While Avior Airlines has largely been grounded by U.S. sanctions and the coronavirus pandemic, the investors hope to recover at least some of its assets, including a regional airline in neighboring Colombia.

A Miami circuit judge this week rejected a suit by Jorge Añez that alleged his Florida-based partners had overcharged Avior for parts and services.

Judge Michael Hanzman found that Añez had no authority to represent Avior, saying there was overwhelming evidence he cooked the company’s books and formed an “illegitimate board of friendlies” to seize the struggling airline.

Ruling on the previously unreported lawsuit, he found that Añez had lied in testimony and tried to use the U.S. legal system to perpetrate “fraud.”

“Mr. Añez’s claim of 100% ownership of Avior is a complete fabrication, which reeks of afterthought and was concocted only after ……a dispute over the operations of Avior,” the judge wrote.

Neither Añez, his lawyer nor Avior’s President Juan Bracamonte responded to repeated email and phone requests for comment.

The partner Añez tried to force out is an investment group that includes Carlos Kauffmann and Moises Maionica. Both men were sentenced in 2008 to more than a year in U.S. federal prison for their role in a political scandal involving a suitcase full of $800,000 in cash sent to Argentina aboard a Venezuelan government plane.

The two Venezuelan businessmen testified that they had been sent by then-President Chavez’s spy agency to Miami to offer hush money to an FBI informant to keep quiet about the cash shipment, which was allegedly destined to finance the campaign of former President Cristina Fernández de Kirchner.

Upon completing their sentences, both men remained in the U.S. and resumed their careers.

In 2010, they paid $5 million for a 50% share in Avior and its affiliates and helped transform it from a near-bankrupt carrier with a single aircraft to one serving routes throughout Venezuela as well as Miami and Latin America.

As foreign carriers abandoned Venezuela over payment disputes with the socialist government of Nicolas Maduro’ – Chavez’s successor – Avior for a while managed to fill the void, boosted by heavily subsidized jet fuel, a highly favorable exchange rate for its ticket sales in dollars and unmet demand from wealthier Venezuelans who still could afford to travel.

But as the U.S. has imposed stiff sanctions on Venezuela, the airline has once again come upon hard times.

In 2019, it lost its profitable route to Miami as the U.S. imposed a flight ban on Venezuelan airlines in its bid to force Maduro from power.

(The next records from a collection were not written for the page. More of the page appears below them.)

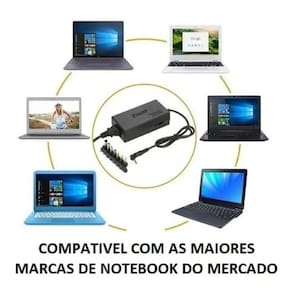 Fonte Carregador Universal Notebook Adaptador 120w Características: - Voltagem de entrada: AC 110-240V Bi-volt - Freqência: 50/60hz - Corrente de entrada: 1.3A Máximo - Voltagem de saída: 12v /15v / 16v / 18v / 19v / 20v 4.5A Máximo. - Proteção de sobrecarga: Sim - Proteção de curto-circuito: Sim - Potencia de saída: 120 w Máximo Seguintes voltagens: 12v/ 15v /16v / 18v / 19v / 20v / 22v e 24v - Compatível com a maioria dos notebooks do mercado possui 10 tipos de conectores.
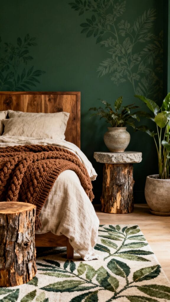 Bring the ground up—figuratively. Every surface feels tactile and earthy, grounded by deep botanical tones.
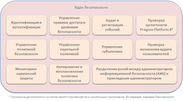 Ядро безопасности программы остается нетронутым при обновлении/доработке компонентов Prognoz Platform 8;
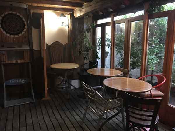 El local presenta una distribución interior segmentada en varias áreas. En la entrada principal se localiza una barra longitudinal. En este espacio se sirven consumiciones y se ofrece un servicio de tapeo. Adyacente a la barra, se dispone una zona con sofás y mesas bajas. Continuando hacia el interior, existe una estancia privada que alberga una mesa de billar para uso de la clientela. El establecimiento cuenta también con un patio interior y una terraza en la parte exterior. En la terraza se han instalado seis mesas bajas.
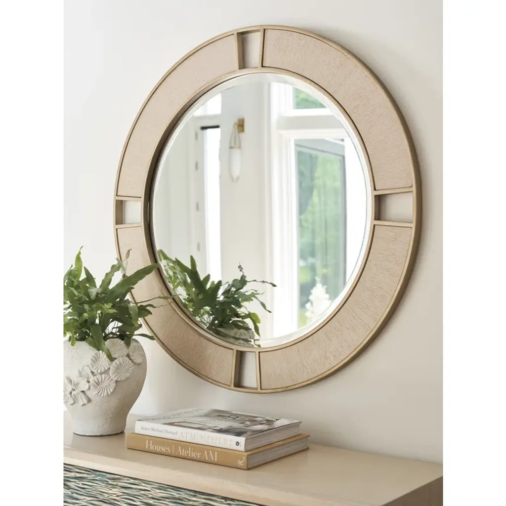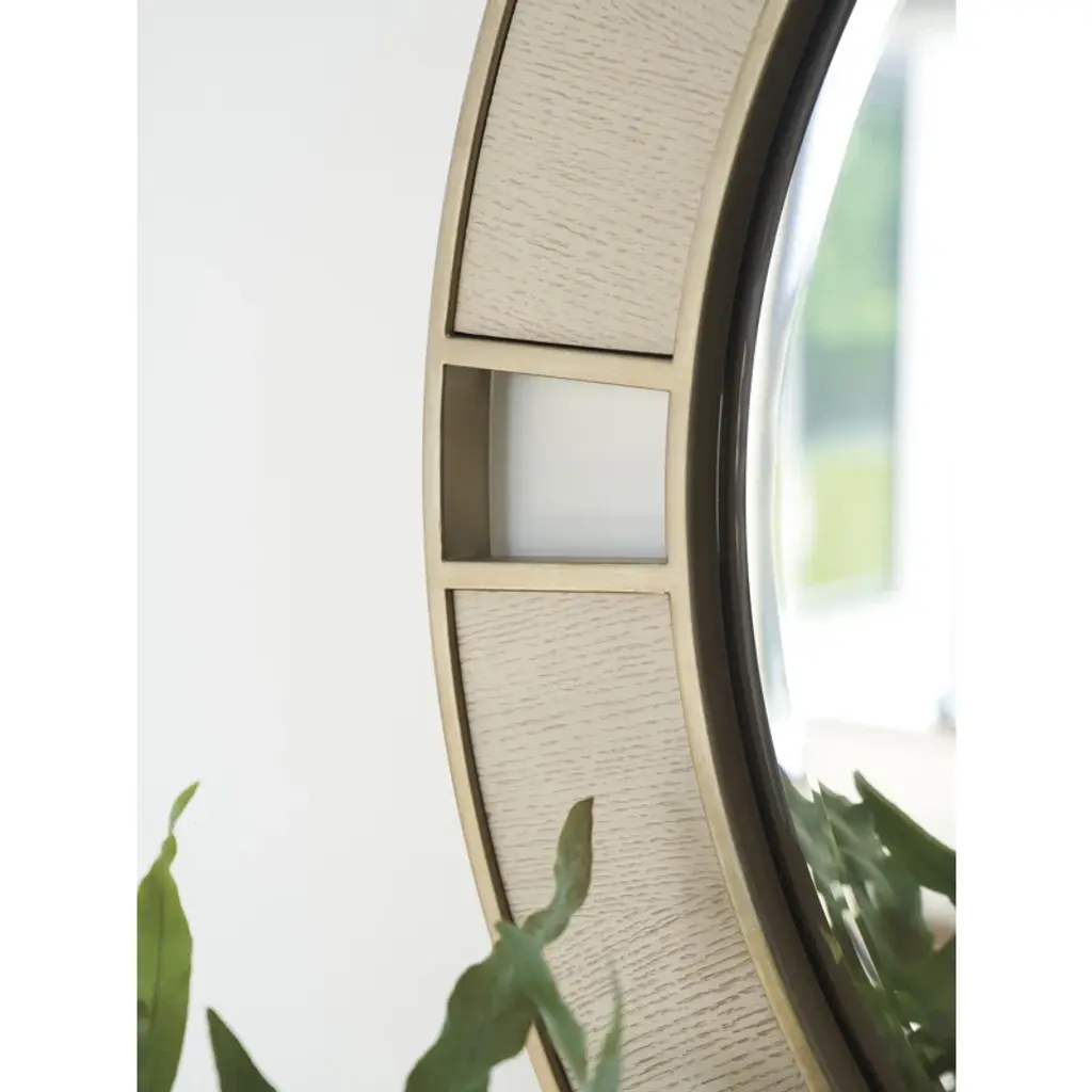 In a timeless compass-like profile, the Modern Mood round mirror combines quartered oak veneers in the diamond finish with wire-brush detailing and warm pewter metal accents for a striking focal-point piece. Unbound by geographical design, Modern Mood presents itself as an evolution of design choices, spanning a variety of decades and design movements, while maintaining an unmistakably modern aesthetic that transcends time. The 90-piece collection includes a bedroom, dining room, home office, accent, and occasional items characterized by substantive forms with soft architectural details. Elevated materials and brushed metal accents in a warm pewter finish are evident throughout the collection, including metal banding and edging as well as marble and glass accents. Crafted with flat-cut quartered oak veneer with wire-brushed detailing, Modern Mood is presented in two finishes: Mink and diamond. Delivering a dark, earthy brown with notes of black, Mink delivers a timeless aesthetic. A much lighter presentation is achieved with the crystal-like alabaster and pewter hues of the diamond finish, delivering a soft sophistication.
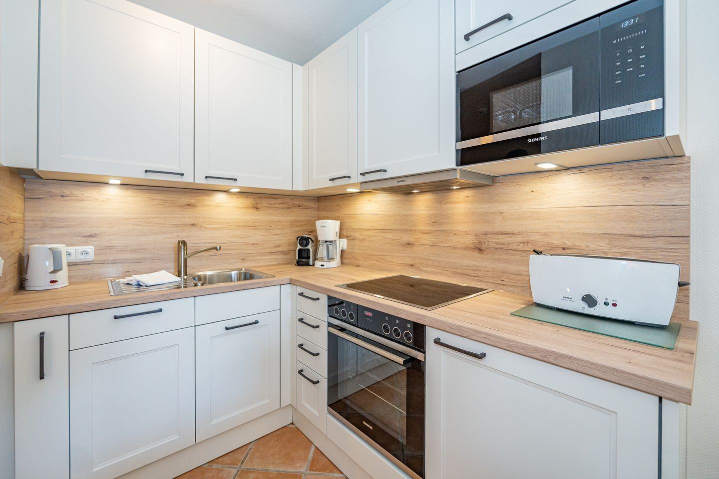 Die moderne, offene Einbau-Küche hat eine Mikrowelle, ein Ceranfeld und einen Kühlschrank. Kaffeemaschine, Wasserkocher und Toaster gehören zur Grundausstattung.
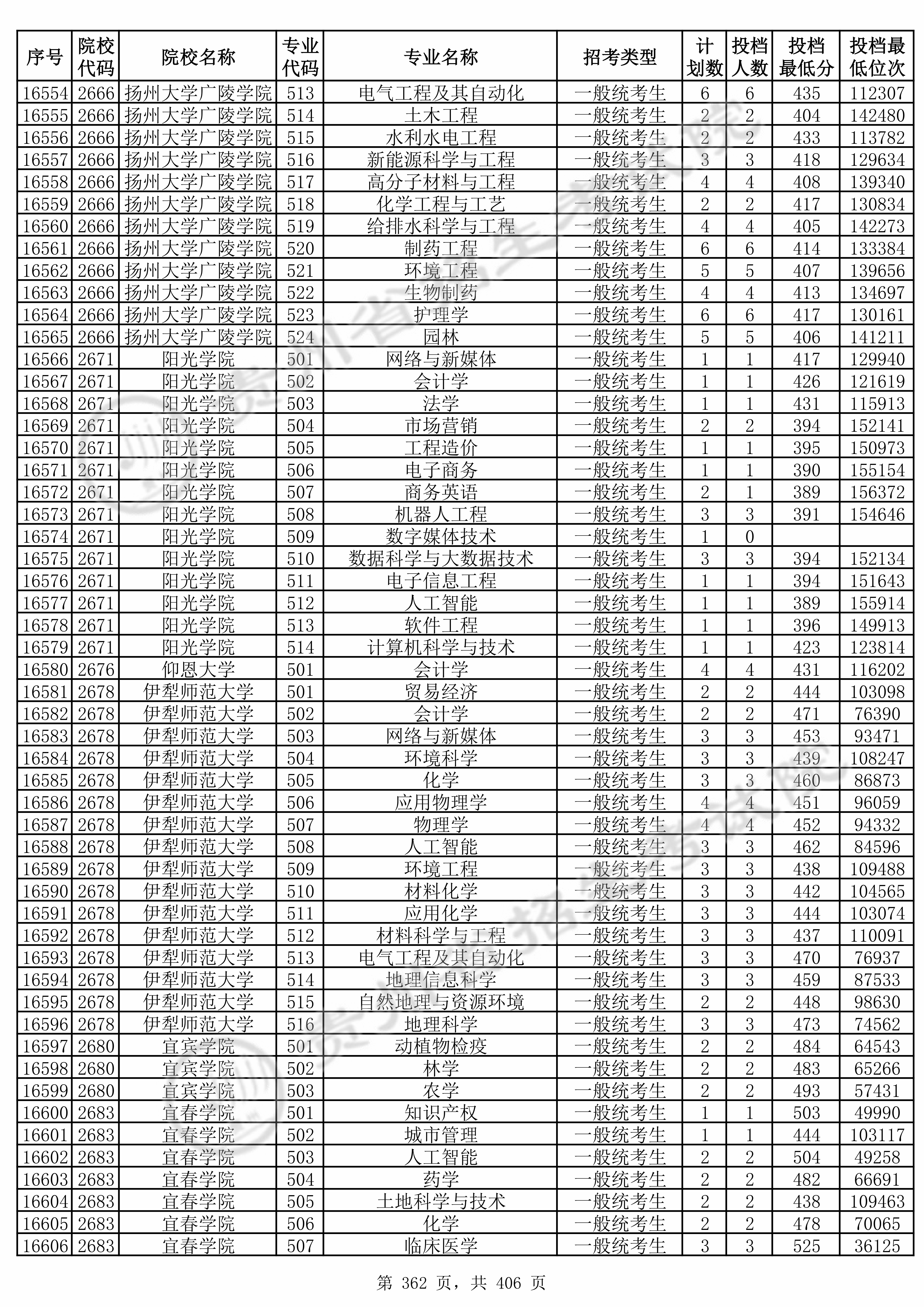 全部专业投档情况

It’s also been blacklisted by European regulators due to safety concerns. Meanwhile, the coronavirus has grounded its fleet of 26 aircraft for months.

The company’s highest-valued asset, an Airbus 340-300, was recently turned over to Maduro’s government to pay off old debts and fees, according to Kauffmann. This summer the same plane, its tail number changed and now operated by state airline Conviasa, flew from Caracas to Tehran, flight tracking records show.